--- START ---
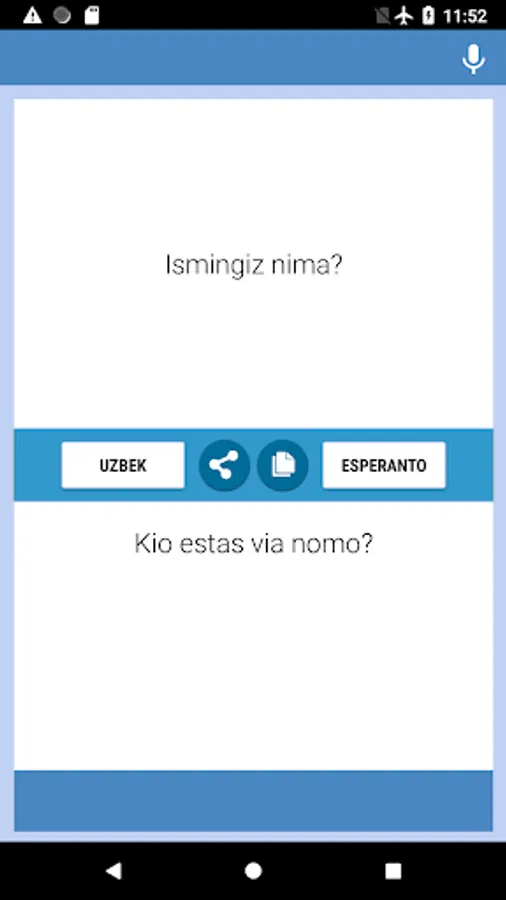 App Uzbek-Esperanto Tradukisto - senpaga kaj facila por uzi. Vi povas traduki tekston kaj literojn de Uzbekujo al Esperanto kaj de Esperanto al Uzbeka reen. Vi povas uzi ĉi tiun konvertilon en la laboro, lernejo, datado, dum vojaĝado aŭ dum komercaj vojaĝoj plibonigi vian majstrecon de ĉi tiuj du lingvoj, ankaŭ vi povas uzi ĉi tion kiel Uzbek-Esperanto kaj Esperant-Uzbek-konvertilo, interpretisto, vortaro.
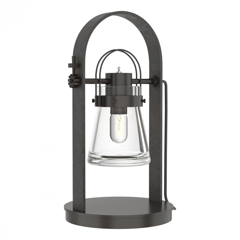 The clear, blown-glass flask of our Erlenmeyer Table Lamp is encircled by a handcrafted steel collar fixed to an arch within an arch. Angle can be adjusted with the steel cog locked by a steel pin - there's a touch of steampunk to the design.
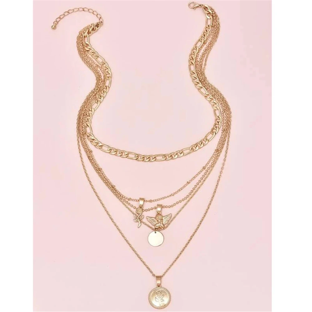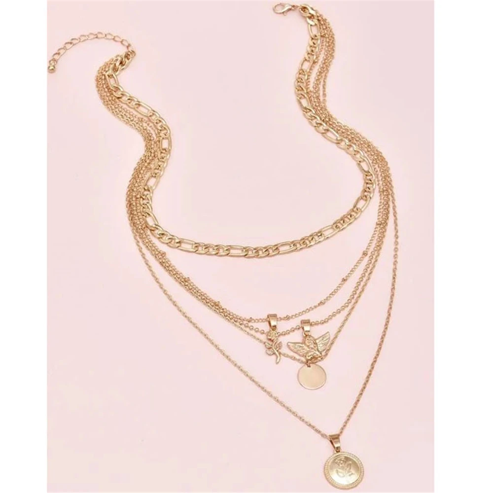 victoria’s vogue New Fashion Vintage Gold Coin Rose Angel Disc Pendant Necklaces For Women Female Multilevel Chain Collar Jewelry Gift Wholesale
--- END ---
Problem details: Copy the preceding data in full and word for word, dropping its pictures.

Response for this exercise:
 App Uzbek-Esperanto Tradukisto - senpaga kaj facila por uzi. Vi povas traduki tekston kaj literojn de Uzbekujo al Esperanto kaj de Esperanto al Uzbeka reen. Vi povas uzi ĉi tiun konvertilon en la laboro, lernejo, datado, dum vojaĝado aŭ dum komercaj vojaĝoj plibonigi vian majstrecon de ĉi tiuj du lingvoj, ankaŭ vi povas uzi ĉi tion kiel Uzbek-Esperanto kaj Esperant-Uzbek-konvertilo, interpretisto, vortaro.
 The clear, blown-glass flask of our Erlenmeyer Table Lamp is encircled by a handcrafted steel collar fixed to an arch within an arch. Angle can be adjusted with the steel cog locked by a steel pin - there's a touch of steampunk to the design.
 victoria’s vogue New Fashion Vintage Gold Coin Rose Angel Disc Pendant Necklaces For Women Female Multilevel Chain Collar Jewelry Gift Wholesale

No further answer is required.